▸ WORK ITEM
Return the data below unchanged, without images.

▸ RECORDED INFORMATION
################
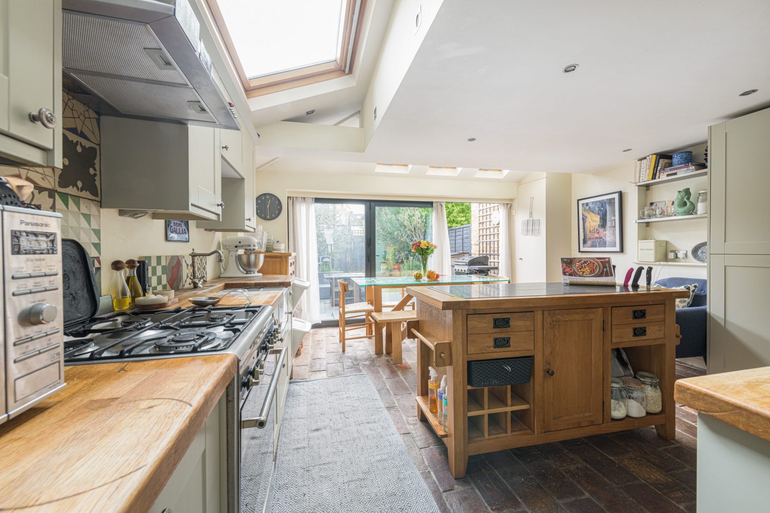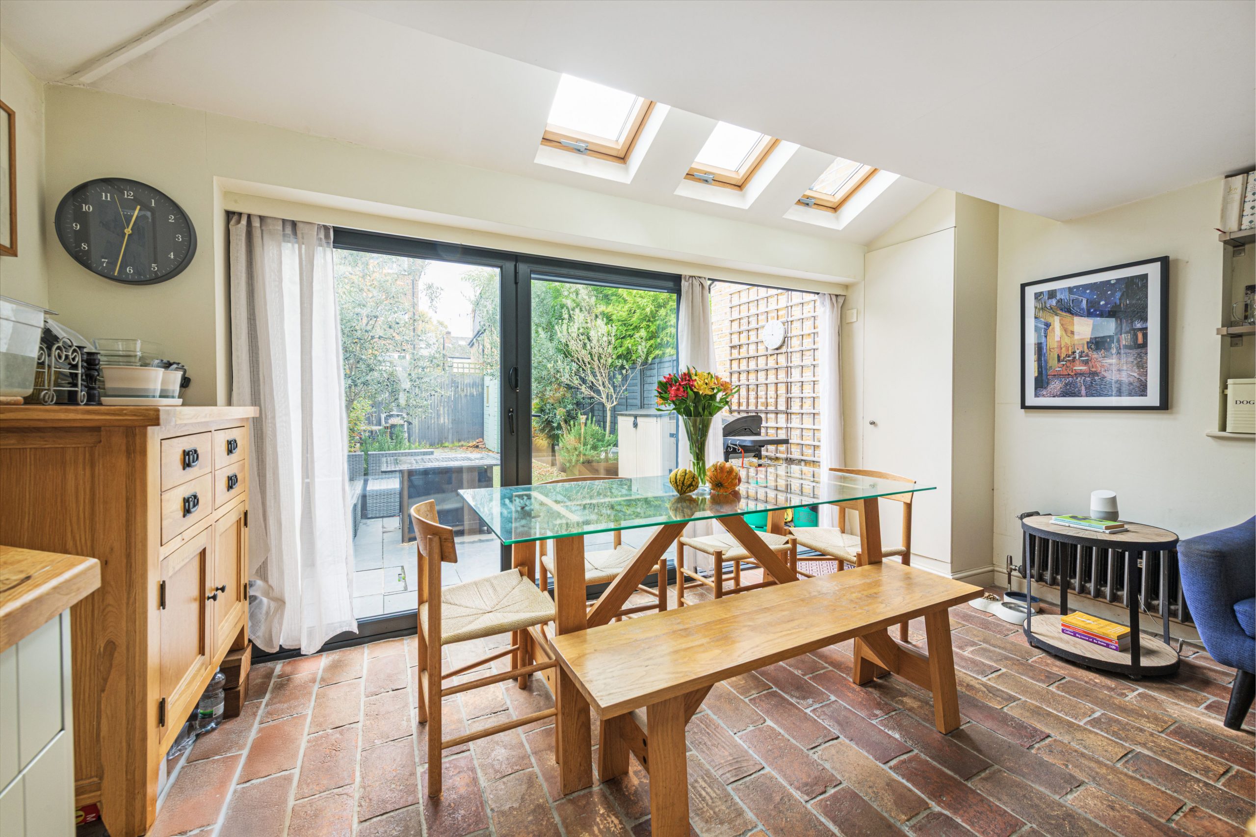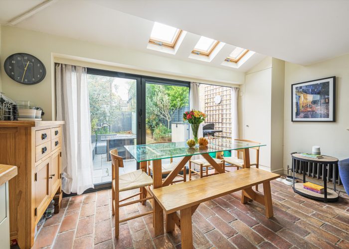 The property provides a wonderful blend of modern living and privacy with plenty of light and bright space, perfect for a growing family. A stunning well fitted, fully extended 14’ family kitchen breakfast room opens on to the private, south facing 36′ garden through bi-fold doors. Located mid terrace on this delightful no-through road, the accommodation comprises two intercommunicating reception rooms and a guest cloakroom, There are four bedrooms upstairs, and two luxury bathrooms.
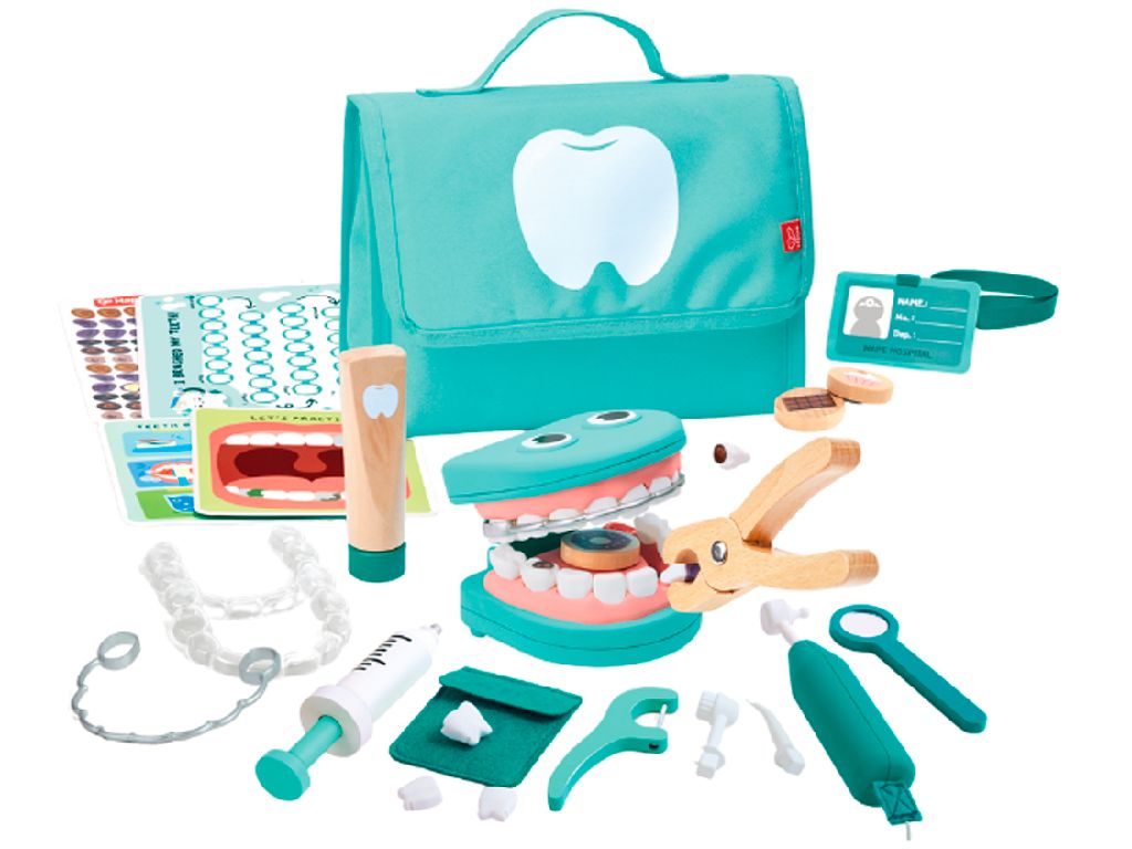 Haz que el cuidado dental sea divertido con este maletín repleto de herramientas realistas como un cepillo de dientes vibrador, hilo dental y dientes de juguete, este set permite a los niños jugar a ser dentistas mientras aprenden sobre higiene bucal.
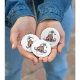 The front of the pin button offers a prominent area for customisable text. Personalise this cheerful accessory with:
################
▸ EXPECTED ANSWER
 The property provides a wonderful blend of modern living and privacy with plenty of light and bright space, perfect for a growing family. A stunning well fitted, fully extended 14’ family kitchen breakfast room opens on to the private, south facing 36′ garden through bi-fold doors. Located mid terrace on this delightful no-through road, the accommodation comprises two intercommunicating reception rooms and a guest cloakroom, There are four bedrooms upstairs, and two luxury bathrooms.
 Haz que el cuidado dental sea divertido con este maletín repleto de herramientas realistas como un cepillo de dientes vibrador, hilo dental y dientes de juguete, este set permite a los niños jugar a ser dentistas mientras aprenden sobre higiene bucal.
 The front of the pin button offers a prominent area for customisable text. Personalise this cheerful accessory with:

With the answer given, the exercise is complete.